Model Performance on TaoBench and TaoBenchMathlib. Results are reported as pass rates on 150 problems.

Counts of data samples across ranges of different numbers of local definitions.

Frontier Models & Context Dependency

Frontier Models: Frontier models underperform both Goedel-Prover-V2-32B and several 7B parameter ATP models on the MathLib problem formulations, which indicates that ATP models excel in definitional frameworks in which they are trained. However, while the performances of the frontier models do degrade on the Tao problem formulations, they achieve performances comparable to - or even in excess of - Goedel-Prover-V2-32B. These results indicate that the relative advantage of frontier models on Tao formulations is driven by a superior capability to leverage in-context examples rather than overall stronger proving capabilities.

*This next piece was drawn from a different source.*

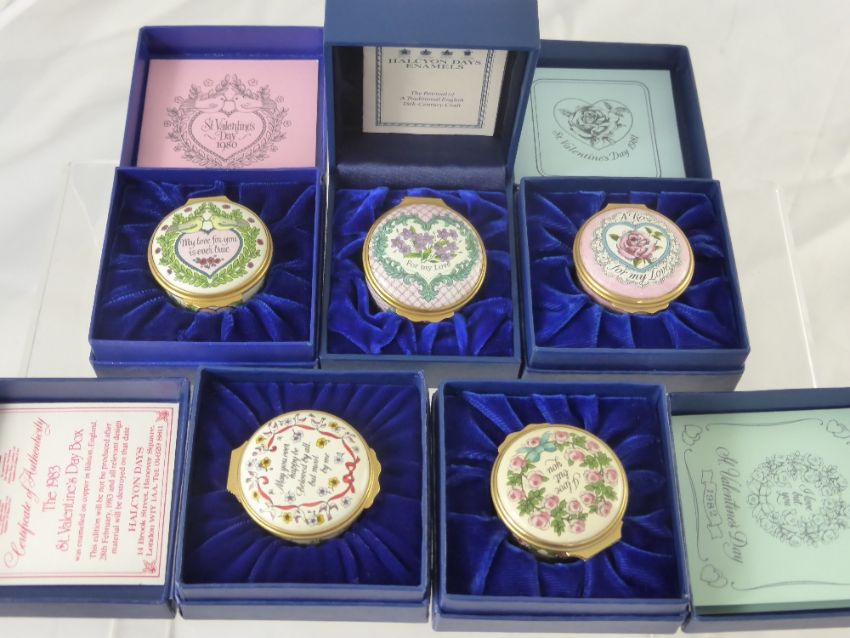 Five Halcyon Days Enamel Valentine Boxes, including 1979, 1980, 1981, 1982, 1983 in the original boxes with certificates.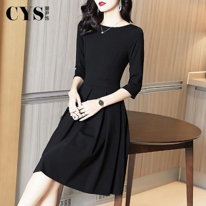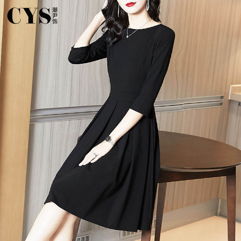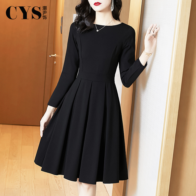 长袖 蝴蝶结领假两件连衣裙赫本风修身 2025秋新款 衣纱布菲墨夕

Context Dependency: Across all models, removing contextual information leads to a consistent, but relatively modest drop in performance compared to the full-context Tao setting. A manual review of the problems that models solved without context shows that the associated set of references either contained no additional statements (i.e., context length of zero) or referenced a small set of statements that were similar to or in the standard MathLib definitional framework (ex., the rational numbers). Taken with the context-length analysis, these results indicate that current formal theorem provers do not reliably benefit from in-context definitional information unless it conforms closely to their training distribution. The presence of explicit local definitions is therefore not inherently helpful and can be actively harmful, highlighting a limitation in models ability to perform in-context definitional grounding.

Model Performance by Chapter

The figure below breaks down pass rates by chapter and shows that the overall Tao-MathLib gap is not uniform: it is concen- trated in a few chapters where the representation of core objects diverges most from MathLib. A large and consistent gap appears in Set Theory (Ch. 3), where all five models exhibit a substantial MathLib advantage of roughly 42-58 percentage points. Two pronounced failure modes occur in The Natural Numbers (Ch. 1) and Series (Ch. 7): for all five models, Tao accuracy falls to 0%, while the MathLib translation remains solvable, suggesting that the bottleneck is not the underlying analysis content but rather sensitivity to the new definitional framework.